The tax reform for peace in Colombia
In 2012, and with effects starting in 2013, Colombia carried out its most important tax reform in the last twenty years. With the idea of boosting jobs and the economy, from an economic standpoint, this reform generally reduced the taxation of companies. The effect of this reform, which has just been felt in 2014, indicates that there will be a need in 2015 to cover a hole in the budget of between 12 and 16 billion pesos (1 billion pesos = 400 million euros) for the ordinary financing of the Colombian State.
Additionally, the peace process, much awaited by the Colombians, is expected to result in some post-conflict costs of up to 22 billion pesos per year in public funds.
These two factors have inexorably led the Colombian government to propose a tax reform before the end of 2014, to level off the regular financing of the State, and it is preparing another more in-depth reform for 2015 to generate the resources needed for peace.

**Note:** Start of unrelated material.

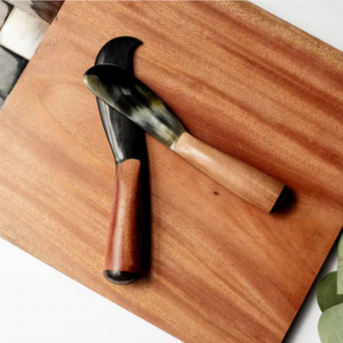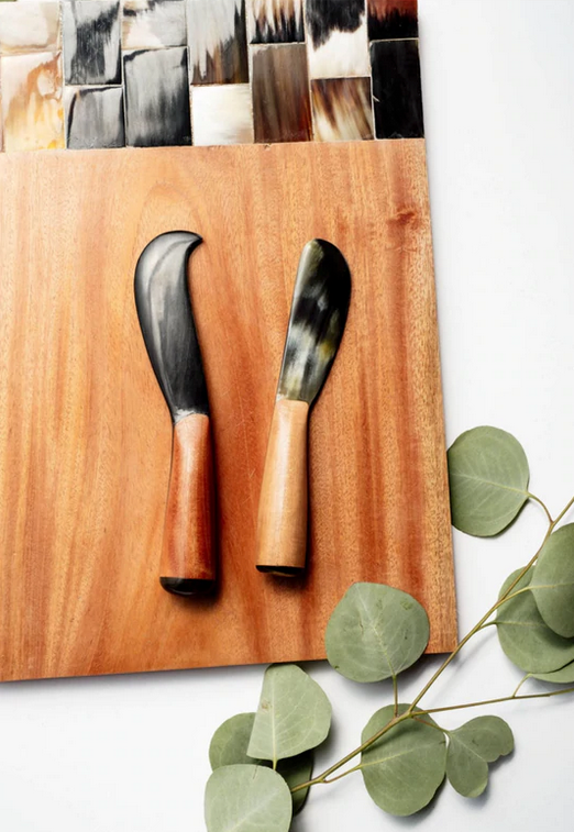 These full tang horn cheese utensils with wooden grip will take your cheese board game to the next level! Pair them with the matching Wood and Horn Serving Board for all your charcuterie needs.

The proposed measures can be divided into those already announced as definite and those which have been discussed as potential by the government, trade unions and other forums.
I. Definite measures
- Wealth tax. Although this tax initially was meant to be temporary, it has been in effect for eight years now. The tax base would be net assets, over a minimum base of 1 billion pesos (€400,000), which base would exclude the shares held in national companies. The proposed tax rate would be progressive, from 1.6% to 9%. This tax, as has been the case up to now, is chargeable on a certain day (for example, January 1, 2015) and paid in four annual installments. For some taxpayers, this proposal duplicates their tax payable as compared to that existing previously.

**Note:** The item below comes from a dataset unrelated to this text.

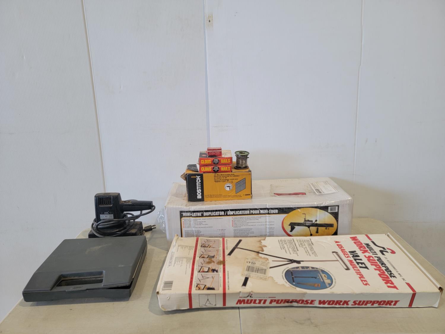 1361 Qty of Fasteners, Soldering Wire, Mini-Lathe Duplicator, Multi-Purpose Work Support Stand, Shopmate Sander and Soldering Gun

- Tax on financial movements. This tax is generated on any financial transaction (including any bank movements by individuals and by entities) and was supposed to be phased out so that in 2015, the rate would fall by half, from 0.4% to 0.2%, and would subsequently disappear. This reduction was aligned with the requirement that economic transactions be channeled through a bank in order for them to be deductible, as part of a measure according to which the deductibility of cash transactions is not recognized. However, the proposal is to keep the rate at 0.4% without any reduction.
II. Potential measures
- Tax on dividends. This proposal was already discussed in the last reform. Currently, in the Colombian tax system, if a company pays tax on all its income, the dividends it distributes are not taxed. Thus, the Government proposes establishing a tax on dividends, which in the last proposal was around 5%. Spanish investors would be protected from this tax by the tax treaty because they can apply the rate of 0%.
- VAT increase. The VAT rate in Colombia is currently 16%, so consideration has been given to raising this tax. The trade unions consider it feasible to gradually increase the rate by one point in 2015 and two points in 2016, consolidating a rate of 18%. Although in principle the government has not proposed applying this measure in this year’s reform, there is a high likelihood that this measure will be adopted in the 2015 reform.
- Other taxes. Although this has not been proposed by the government, there has been discussion about creating different taxes for different purposes such as education or the environment, but they are not expected to be included in the reform of this year.